Personal information
- Full name: Rohan Sunil Gavaskar
- Born: 20 February 1976 (age 50) Kanpur, Uttar Pradesh, India
- Batting: Left-handed
- Bowling: Slow left-arm orthodox
- Role: Batsman
- Relations: Sunil Gavaskar (father); Madhav Mantri (great-uncle); Gundappa Viswanath (uncle);

International information
- National side: India;
- ODI debut (cap 154): 18 January 2004 v Australia
- Last ODI: 19 September 2004 v Pakistan

Domestic team information
- 1996–2009: Bengal
- 2010: Kolkata Knight Riders

Career statistics
| Competition | ODI | FC | LA | T20 |
| Matches | 11 | 117 | 126 | 10 |
| Runs scored | 151 | 6,938 | 3,156 | 113 |
| Batting average | 18.87 | 44.19 | 30.94 | 16.14 |
| 100s/50s | 0/1 | 18/34 | 1/18 | 0/0 |
| Top score | 54 | 212* | 101* | 47 |
| Balls bowled | 72 | 3,890 | 2,492 | 87 |
| Wickets | 1 | 38 | 58 | 3 |
| Bowling average | 74.00 | 50.31 | 33.55 | 37.33 |
| 5 wickets in innings | 0 | 1 | 1 | 0 |
| 10 wickets in match | 0 | 0 | 0 | 0 |
| Best bowling | 1/56 | 5/3 | 5/35 | 1/16 |
| Catches/stumpings | 5/– | 63/– | 43/– | 1/– |
- Source: ESPNcricinfo, 9 February 2012

= Rohan Gavaskar =

Indian cricketer (born 1976)

Rohan Sunil Gavaskar (born 20 February 1976) is a former Indian cricketer.

He played in 11 One Day Internationals. He was a middle-order left-handed batsman and an occasional slow left arm orthodox bowler.
Rohan is the son of Indian cricketer Sunil Gavaskar.

==Domestic career==
Gavaskar batted left-handed, and bowled slow left-arm spin.

In Indian domestic cricket, he represented Bengal in the Ranji Trophy, and East Zone in the Duleep Trophy. Since Mumbai had great batting line-up at that time and he wouldn't have got the opportunity to play first-class cricket for Mumbai immediately. He would have to wait for another one or two years, which he didn't want to. Bengal gave him that opportunity and he grabbed it.

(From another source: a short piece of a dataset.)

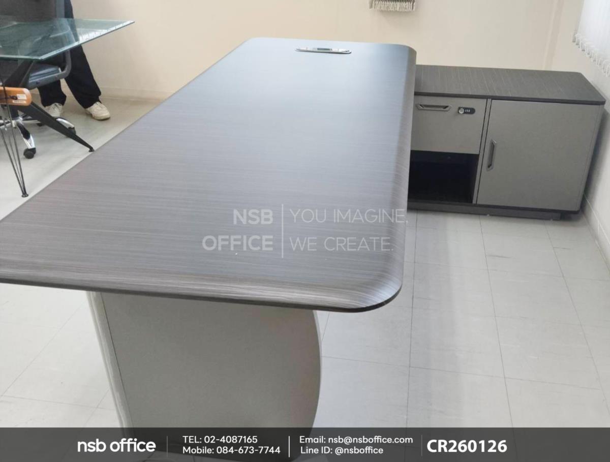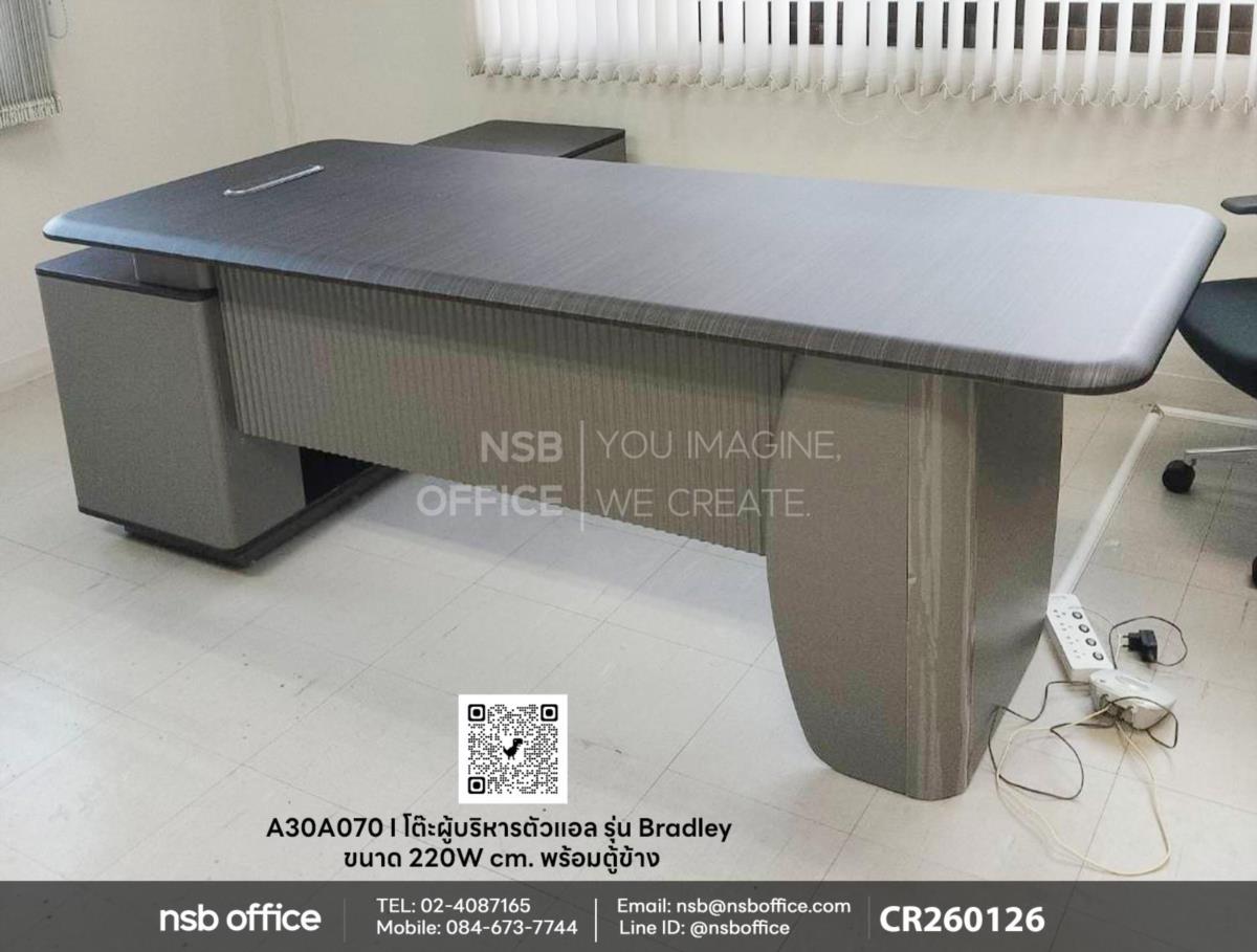 หน้างานนี้เป็นโซนห้องผู้บริหารลูกค้าได้เลือกซื้อโต๊ะผู้บริหารตัวแอล รุ่น Bradley รหัสสินค้า A30A070 ขนาด 220W cm. พร้อมตู้ข้าง รูปทรงตัวแอลที่ช่วยเพิ่มพื้นที่ใช้สอยและทำให้ห้องทำงานของคุณดูโปร่งสบาย ตู้ข้างที่มีช่องเก็บของมากมาย ช่วยให้คุณจัดระเบียบเอกสารและอุปกรณ์สำนักงานได้อย่างมีประสิทธิภาพ ผลิตจากวัสดุที่ทนทานและมีความสวยงาม เหมาะสำหรับการใช้งานในระยะยาวมากๆค่ะ

His first-class average keeps him forever on the fringes of higher honours, and he was a serious contender for a national one-day slot for quite a while before he finally got his chance, against Australia in the 2003–04 VB Series.

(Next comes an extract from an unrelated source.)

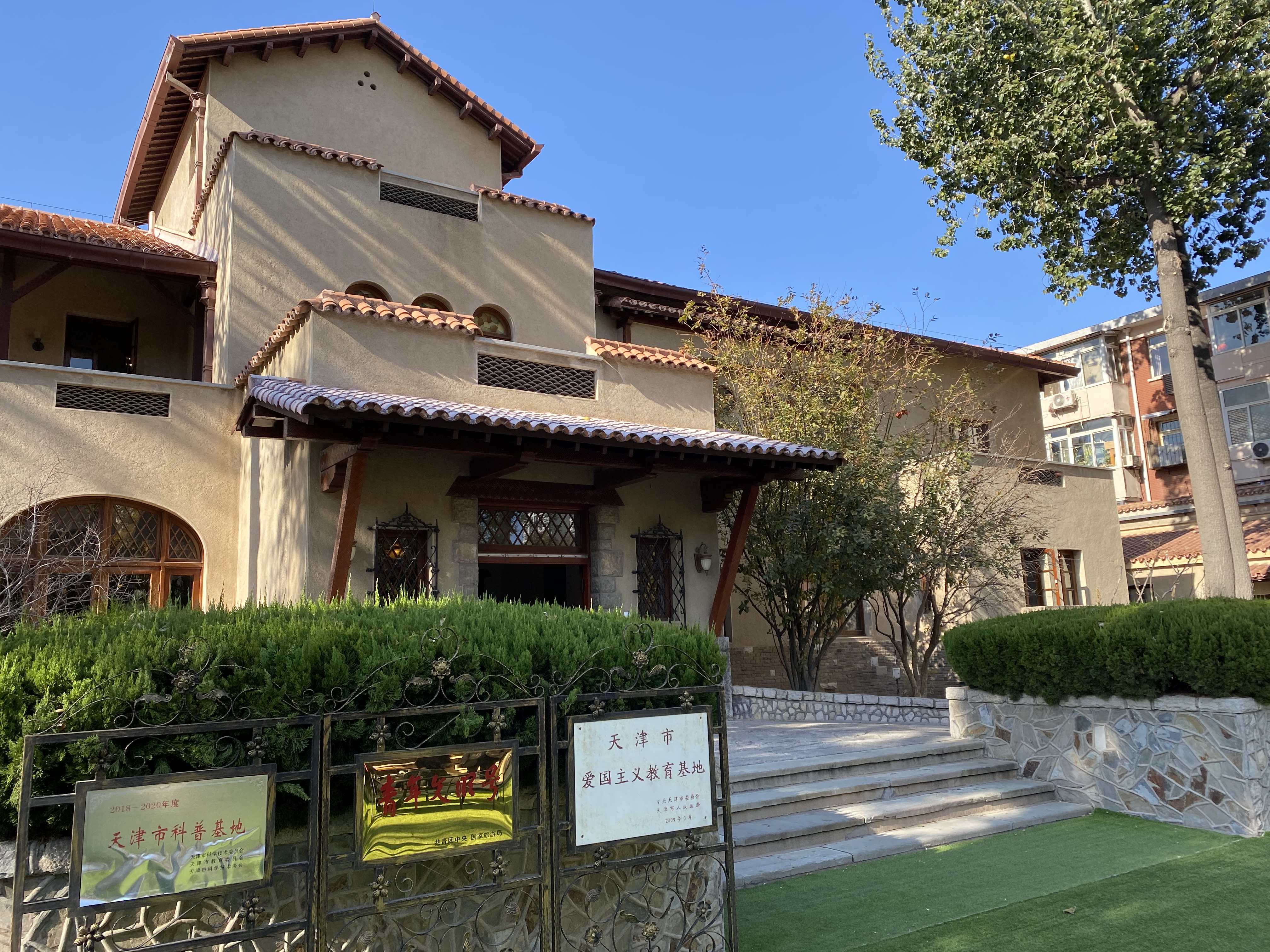 Ville d’histoire, elle a vu l’installation des Européens et des Japonais dans la deuxième partie du XIXe siècle, dont les constructions ont plus ou moins été épargnées pendant l’occupation japonaise à partir de 1937 ainsi que lors de la contre-offensive de l’Armée de libération populaire chinoise en 1949. Elle a également été le refuge de Pu Yi, le dernier Empereur chinois de la Dynastie Qing, qui après avoir abdiqué en 1912 (à l’âge de six ans) et après avoir passé 12 ans prisonnier dans la Cité interdite de Pékin, a obtenu des Japonais qu’ils l’hébergent dans leur enclave jusqu’en 1945, dans plusieurs villas, dont celle-ci.
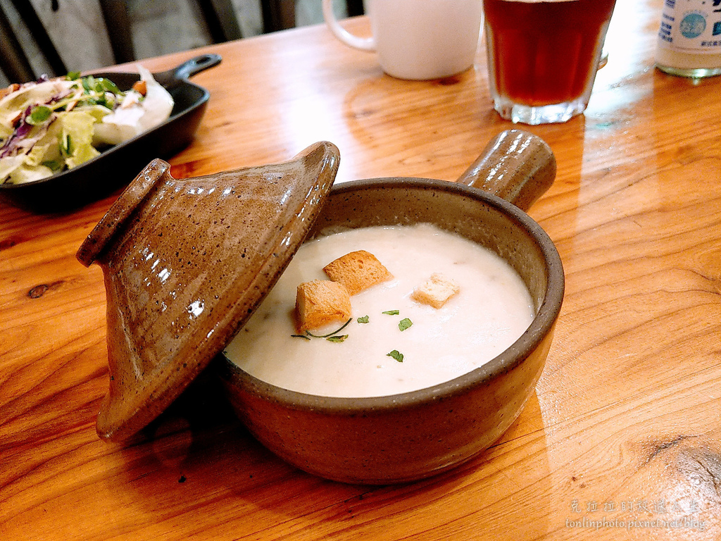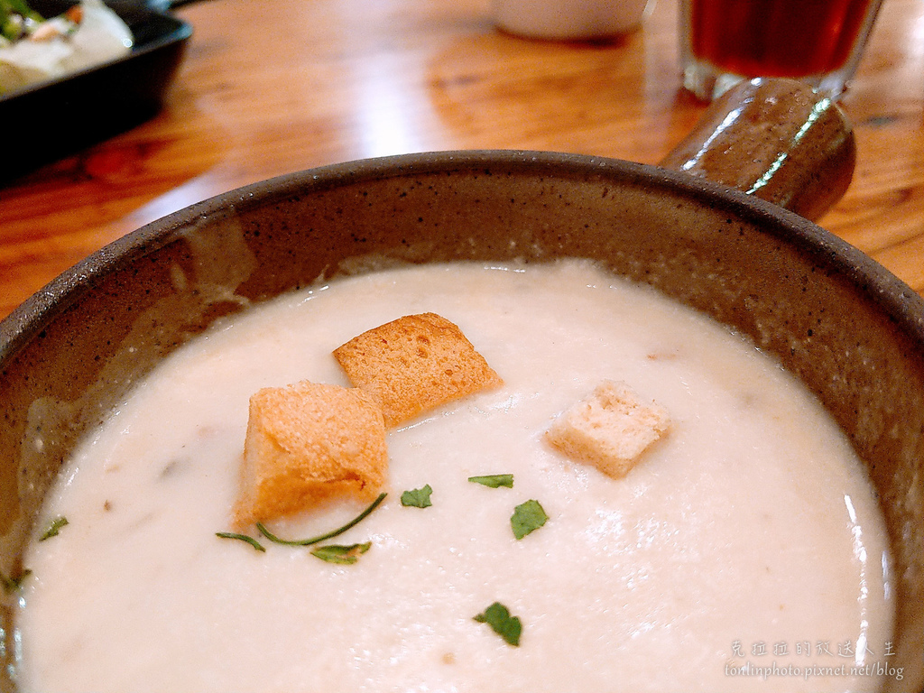 很快地,濃湯就上桌啦!U NEED 的濃湯很真材實料耶!用可愛小陶鍋盛裝的濃湯,似乎是加了馬鈴薯,超濃超好喝,整個很有飽足感啊!

He was dropped for the subsequent tour to Pakistan, he was again tried at the start of the 2004–05 season. Appointed captain of Bengal in 2001–02 but the two seasons as leader were poor. He was having regret for not winning the Ranji Trophy for Bengal. They were twice in the finals in consecutive years, but couldn't win it.

In 2007, Gavaskar signed a contract with Indian Cricket League, playing for the Kolkata Tigers which was declared unauthorised by BCCI.
After breaking his links with the league, and returning to mainstream Indian domestic cricket, he was selected to play in the third season of the Indian Premier League for the Kolkata Knight Riders. He played in his last first class match in 2009 and retired in 2012.

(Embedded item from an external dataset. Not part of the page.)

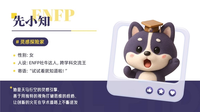 “先小知”则代表了学术探索中不可或缺的热情、勇气与创新性思维。她定位为“ENFP社牛达人”与“跨学科交流王”,善于以独特视角打破思维定式,激发创新火花,在学子迷茫时给予情感支持与新的可能。其寄语是:“试试看就知道啦!”
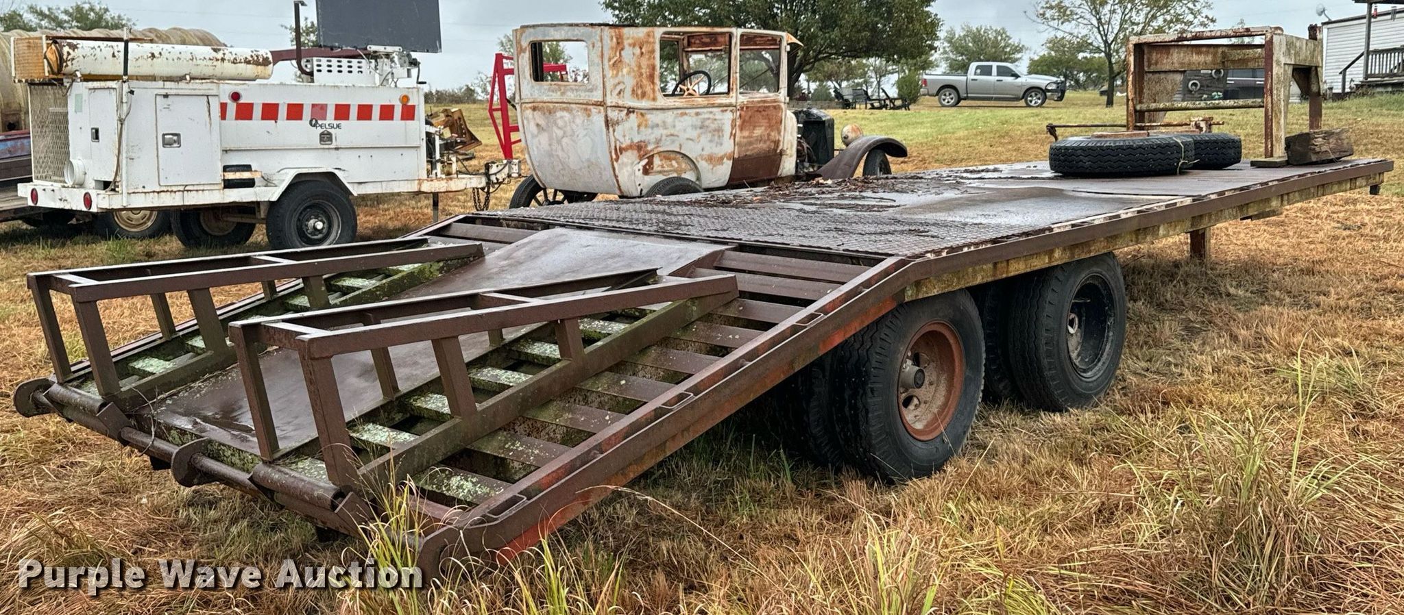 Purple Wave is selling a used Equip. Trailer in Oklahoma. This item is a Shop built equipment trailer with the following: Overall: 25' L x 96" W, Ramps: Manual, Length: 5'

He was one among the 71 players granted amnesty by the BCCI in June 2009, marking his return to the official fold.

Gavaskar announced his retirement from first-class cricket on 9 February 2012. Rohan, who played his first-class cricket for Bengal, scored 5073 runs in 75 matches at 51.24.

==International career==

Gavaskar was selected for the Indian cricket team to tour Australia in 2004, and made his ODI debut after Mohammad Kaif was forced out of the team due to injury. He did not make a lasting impression on the international game, and his last ODI came during the 2004 ICC Champions Trophy.

==Media career==

Like his father, Rohan followed commentating career post-retirement. He has been seen on doing commentary in IPL 2013 and shows on Star Sports' Star Power and NDTV's sports show.

==Personal life==
He was given the names Rohan Jaivishwa by his father as a tribute to his 3 favourite cricketers – Rohan Kanhai; M. L. Jaisimha; and Rohan's uncle, Gundappa Vishwanath –
although his name is usually recorded as Rohan Sunil Gavaskar. He studied at St. Xaviers Collegiate School, Kolkata, Bombay Scottish School, and then Ramniranjan Anandilal Podar College of Commerce and Economics.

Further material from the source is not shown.